Gray was an unsuccessful candidate for a Senate seat in New South Wales at the inaugural 1901 federal election. He subsequently stood in Balmain South at the 1901 New South Wales state election, but was defeated by the incumbent Australian Labor Party (ALP) MP Sydney Law. He was also a candidate for the casual vacancy in the Senate caused by the resignation of Richard O'Connor.

At the 1903 federal election, Gray was elected to a six-year Senate term beginning on 1 January 1904, standing as a Free Trader. He served on several select committees and was a member of the royal commissions into old-age pensions and the tobacco monopoly. On the latter commission he submitted a dissenting report recommending against nationalisation of the tobacco industry. Gray spoke on a wide range of topics, although he was often absent from the Senate due to ill health. He was one of the few senators to oppose the use of the dictation test in the White Australia policy, describing it as "insulting legislation [...] obnoxious to Eastern nations".
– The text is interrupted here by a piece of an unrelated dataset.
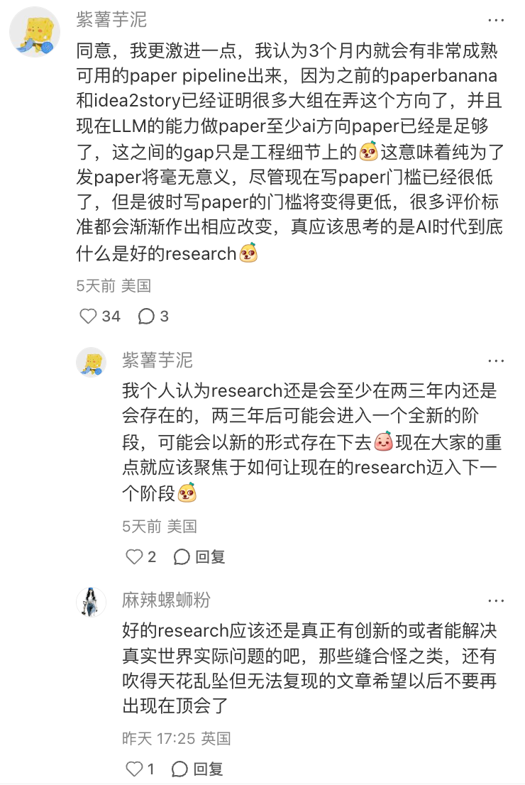 有人认为,与其关注单纯scale出大量「普通conference paper」,不如将算力与模型能力投入到真正困难的开放问题上,这或许才是更具长期价值的方向。

Gray supported the "Fusion" of the Free Trade and Protectionist parties into a new Liberal Party in 1909. He unsuccessfully sought re-election as a Liberal candidate at the 1910 federal election. The Bulletin summarised Gray's contributions as follows:

He made soap, was a Freetrader with a leaning to Protection for soap; and was, for a short time, a Senator for N.S.W. in the soap interest.

==Personal life==
In 1865, Gray married Elizabeth Dunning, with whom he had six children. He died at his home in Ashfield, New South Wales, on 18 April 1914, following a brain aneurysm.
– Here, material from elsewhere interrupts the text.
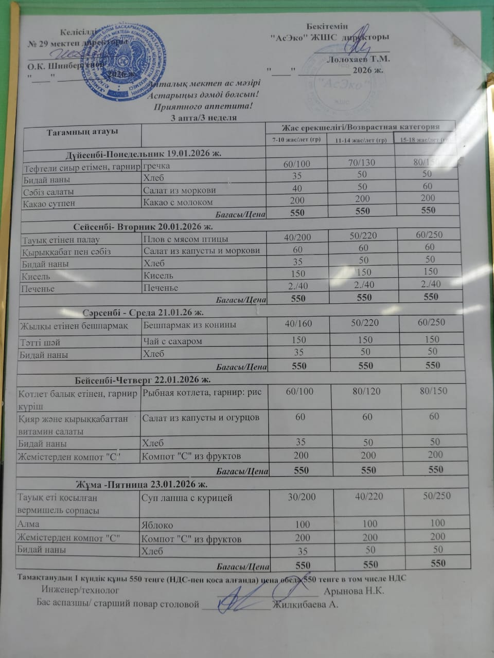 19-23.01.2026 Ж БІР АПТАЛЫҚ АС МӘЗІРІ / МЕНЮ » СШ №29

Gray was active in the Yorkshire Society of New South Wales and served a term as president. He was a supporter of the Orange Order and in 1908 was the lead speaker at the Orangemens' Day celebrations in Sydney, in which he called on its members to "uphold the dominancy of the Protestant faith" and "prevent the attempts which are being made to bring about Roman Catholic dominance in the parliaments of Australia and in every phase of your social and municipal life".